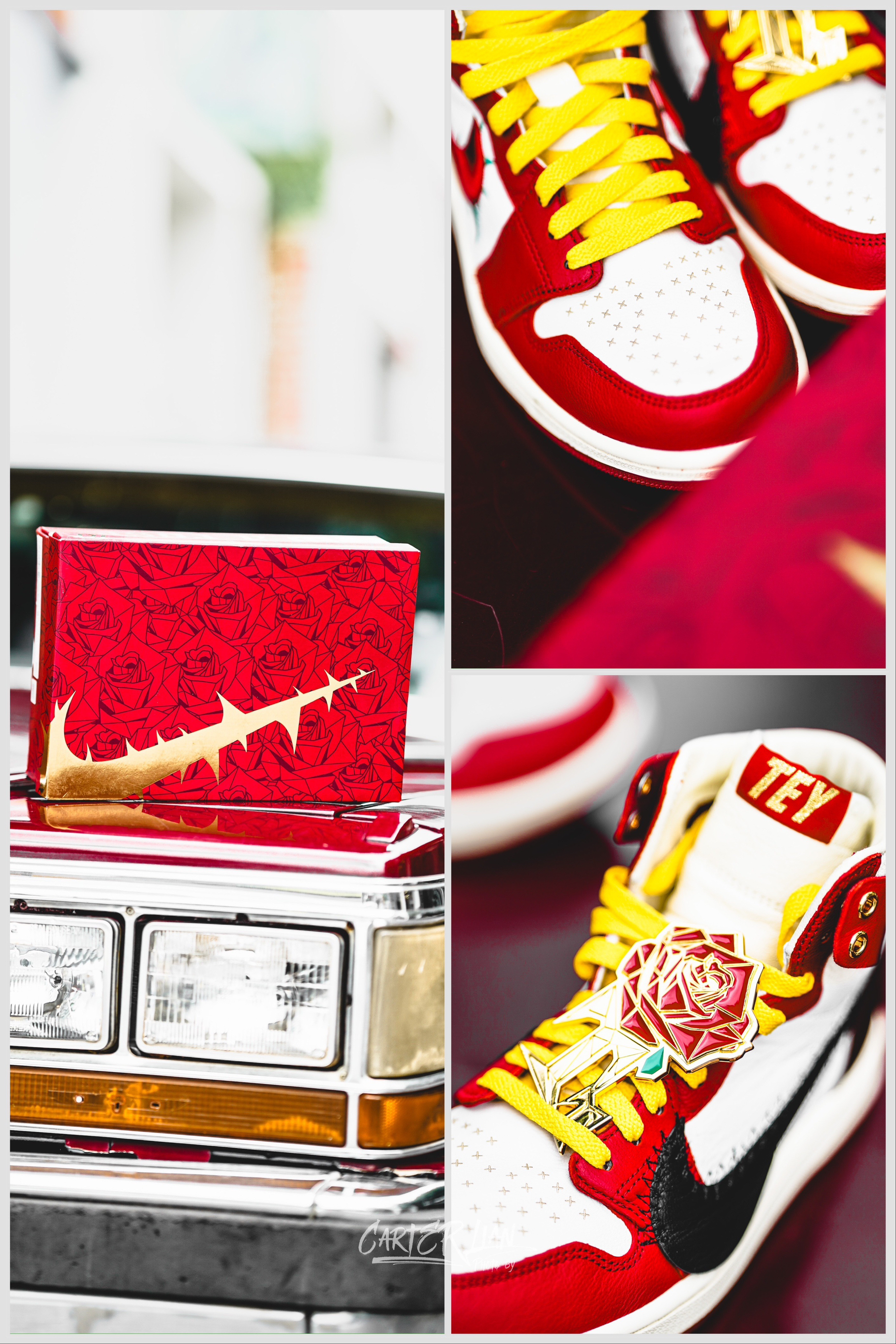 球鞋灵感📖 鞋款以Teyana2018年的热门单曲“Rosein Harlem”为灵感进行设计,拿到实物后从内到外可以说是细节满满。 整体细节👀 鞋盒上满印的玫瑰花🌹图案再加上上金色的带刺Swoosh真的非常有个性的鞋盒,鞋身则是黑白红配色,让人很容易联想到经典的芝加哥配色,材质上全皮革面料包裹,鞋头的透气孔也用金色十字图案代替,质感上也很出色。 Swoosh的部分则是鸳鸯设计,左脚采用缝线的解...
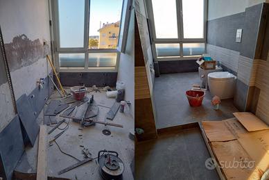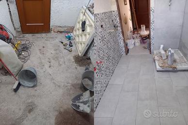 Esegue lavori di ristrutturazione appartamenti completi, pavimenti, rivestimenti, bagni, cucine, terrazzi, balconi, cartongesso, rasature, guaina per impermeabilizzazione, gessatura, pittura.
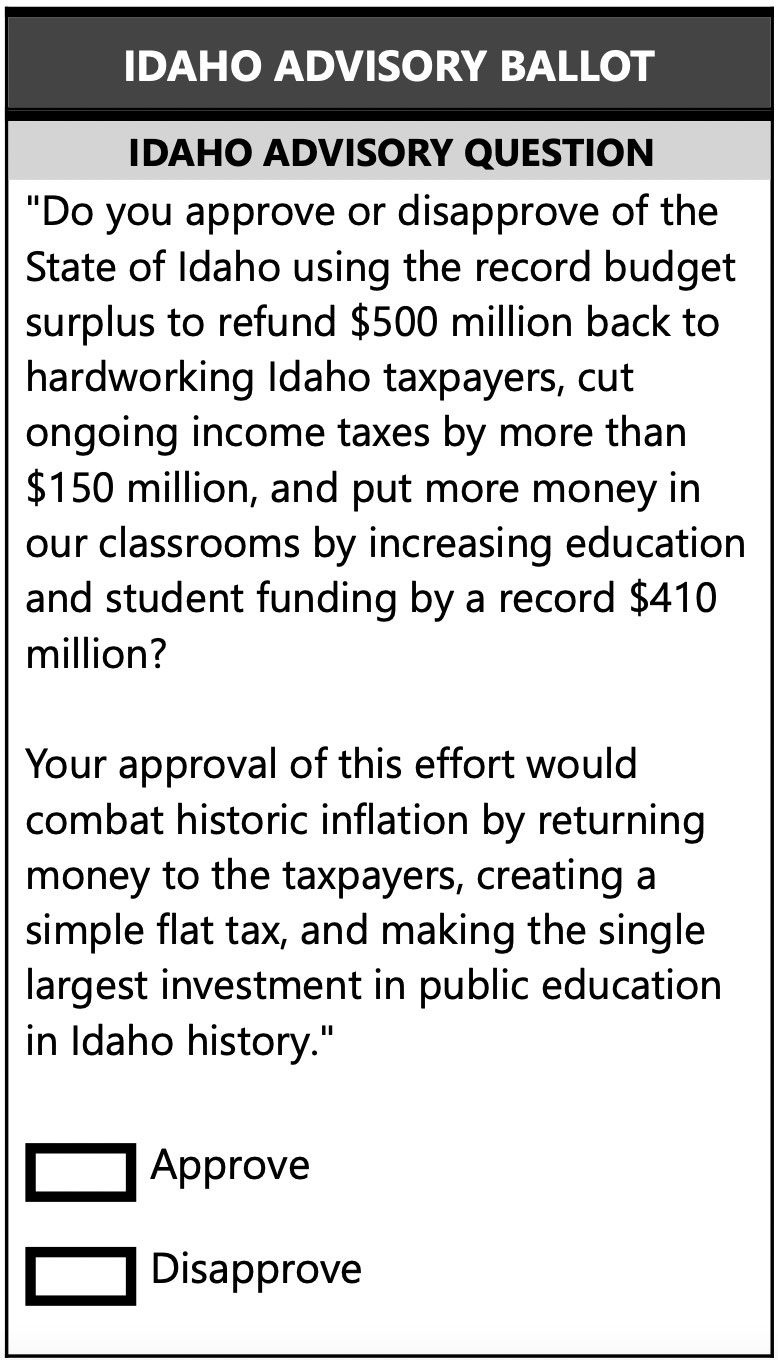 The nonbinding question will appear on the ballot as the Idaho Advisory Question. Voters will be asked whether they “approve” or “disapprove” of Little and the Idaho Legislature using the state’s $2 billion budget surplus to pay for $500 million in tax rebates, while approving ongoing income tax cuts and directing more than $410 million annually to public education and career training.
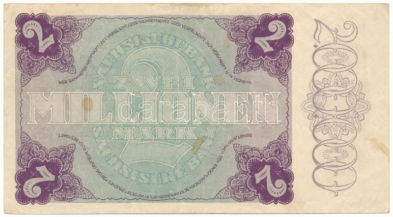 Német Birodalom / Szászország 1923. 2.000.000M T:F folt, erős papír
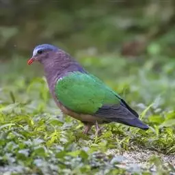绿背金鸠体长约25厘米,是中等体型、尾甚短的地栖型斑鸠。下体粉红,头顶灰色,额白,腰灰,两翼具亮绿色。…
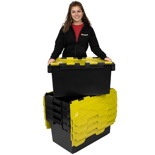Plastor Pack of 5 - Large Plastic 80 Litre Heavy Duty Storage Boxes (71 x 46 x 36.8cm) Black and Yellow LC3 Crates with Attached Hinged Lids

*****

Required work — Word for word, output the lines from the beginning of the listing through the line holding "Esegue lavori di" and nothing beyond them. Omit the pictures.

Output for this task —
 球鞋灵感📖 鞋款以Teyana2018年的热门单曲“Rosein Harlem”为灵感进行设计,拿到实物后从内到外可以说是细节满满。 整体细节👀 鞋盒上满印的玫瑰花🌹图案再加上上金色的带刺Swoosh真的非常有个性的鞋盒,鞋身则是黑白红配色,让人很容易联想到经典的芝加哥配色,材质上全皮革面料包裹,鞋头的透气孔也用金色十字图案代替,质感上也很出色。 Swoosh的部分则是鸳鸯设计,左脚采用缝线的解...
 Esegue lavori di ristrutturazione appartamenti completi, pavimenti, rivestimenti, bagni, cucine, terrazzi, balconi, cartongesso, rasature, guaina per impermeabilizzazione, gessatura, pittura.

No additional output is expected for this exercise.